[Dataset items]
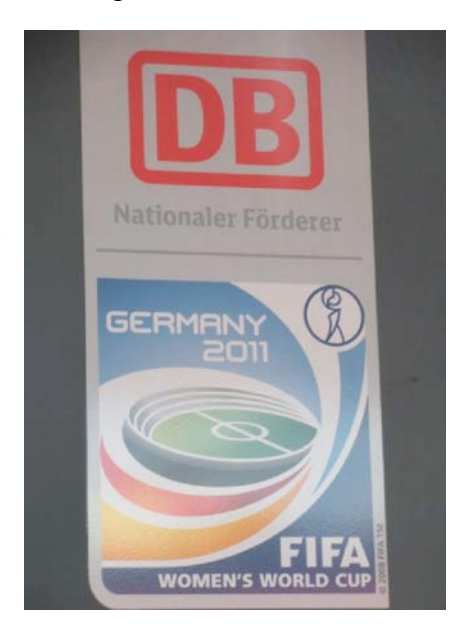
Deutsche Bahn was a sponsor of the Women's World Cup in 2011, also offering attractive "weltmeister bahncards" with a 25% discount on all train travel.

There are a large number of other examples of tourism businesses mitigation actions. The Dutch Railways, for example, found that the optimization of their brake energy recuperation settings saves them about 1% of total electricity use. The Deutsche Bahn is involved in a number of "low-carbon" initiatives, including Fahrtziel Natur (train packages to 19 unique nature destinations) and attractive offers related to sports event (e.g. FIFA football events). Investments into electric vehicles have been made in Vietnam (in Hanoi), in Thailand (Green Island and Siaoliouciou). and hybrid cars are used in rental car fleets (e.g. Green Tomato, UK), and taxis (Green taxis, NZ). More examples of industry initiatives can be found in Becken and Hay (forthcoming) and also in Gössling (2011).
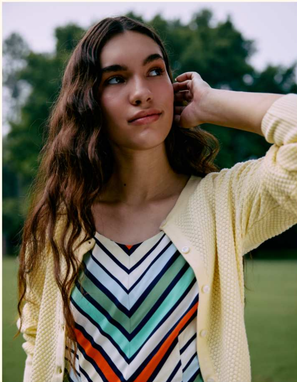
CK05 Bauble pear sorbet
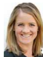
Darcy Marquardt Three-time Olympic Rower, London 2012 Silver Medallist
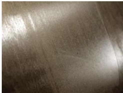
Stainless steel surfaces form a grey/black scale during hot rolling or forming. This tenacious oxide scale is removed in the steelmill by descaling.

Pickling is the removal of a thin layer of metal from the surface of the stainless steel. Mixtures of nitric and hydrofluoric acids are usually used for pickling stainless steels. Pickling is the process used to remove weld heat tinted layers from the surface of stainless steel fabrications, where the steel's surface chromium level has been reduced.
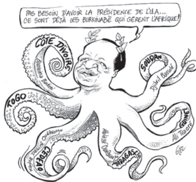
Figure 2: Satirical cartoon criticizing the political intervention by President Compaoré
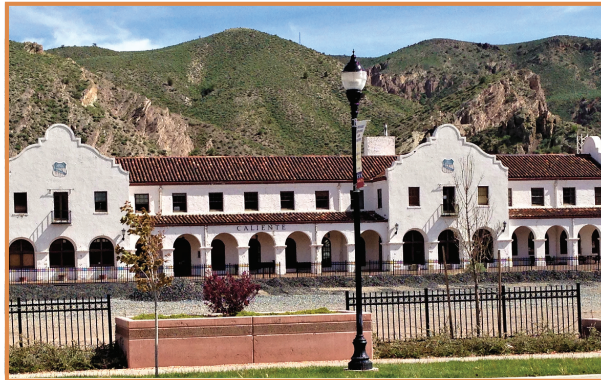
Old Caliente Depot
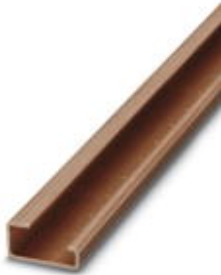
G-profile DIN rail, material: Copper, unperforated, height 15 mm, width 32 mm, length 2 m

Please be informed that the data shown in this PDF Document is generated from our Online Catalog. Please find the complete data in the user's documentation. Our General Terms of Use for Downloads are valid ( http://phoenixcontact.com/download )
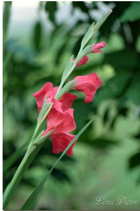
This Gladiolus that just showed up one summer from out of the blue is pretty with its dark peach blooms. Free flowers are always welcome.
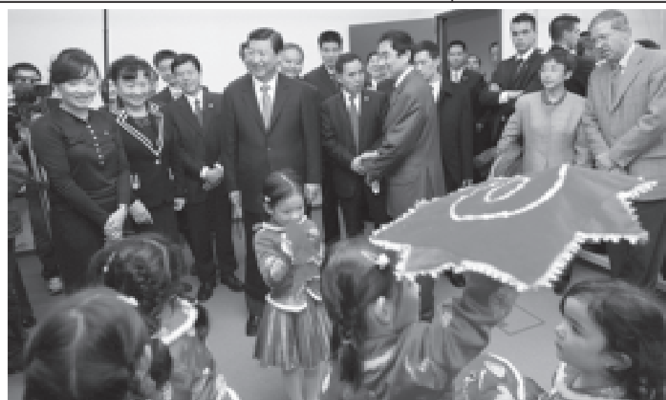
Chinese Vice President Xi Jinping (4 th L, front) watches the performances by children at the Chinese Culture Center in Berlin, capital of Germany, on 11 Oct, 2009.
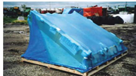
FIGURE 2 Wrapped military hardware on a wood pallet ready for moving.
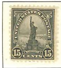
#696 Statue of Liberty
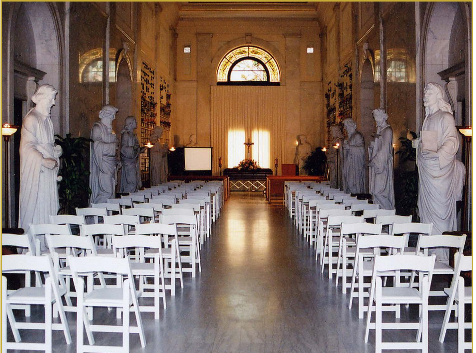
HOLLYWOOD CATHEDRAL MAUSOLEUM

[Aim of the task]: Repeat, word for word and with no pictures, only the lines running from the beginning of the data to the line that contains "Darcy Marquardt Three-time".

[Expected answer]:
Deutsche Bahn was a sponsor of the Women's World Cup in 2011, also offering attractive "weltmeister bahncards" with a 25% discount on all train travel.

There are a large number of other examples of tourism businesses mitigation actions. The Dutch Railways, for example, found that the optimization of their brake energy recuperation settings saves them about 1% of total electricity use. The Deutsche Bahn is involved in a number of "low-carbon" initiatives, including Fahrtziel Natur (train packages to 19 unique nature destinations) and attractive offers related to sports event (e.g. FIFA football events). Investments into electric vehicles have been made in Vietnam (in Hanoi), in Thailand (Green Island and Siaoliouciou). and hybrid cars are used in rental car fleets (e.g. Green Tomato, UK), and taxis (Green taxis, NZ). More examples of industry initiatives can be found in Becken and Hay (forthcoming) and also in Gössling (2011).
CK05 Bauble pear sorbet
Darcy Marquardt Three-time Olympic Rower, London 2012 Silver Medallist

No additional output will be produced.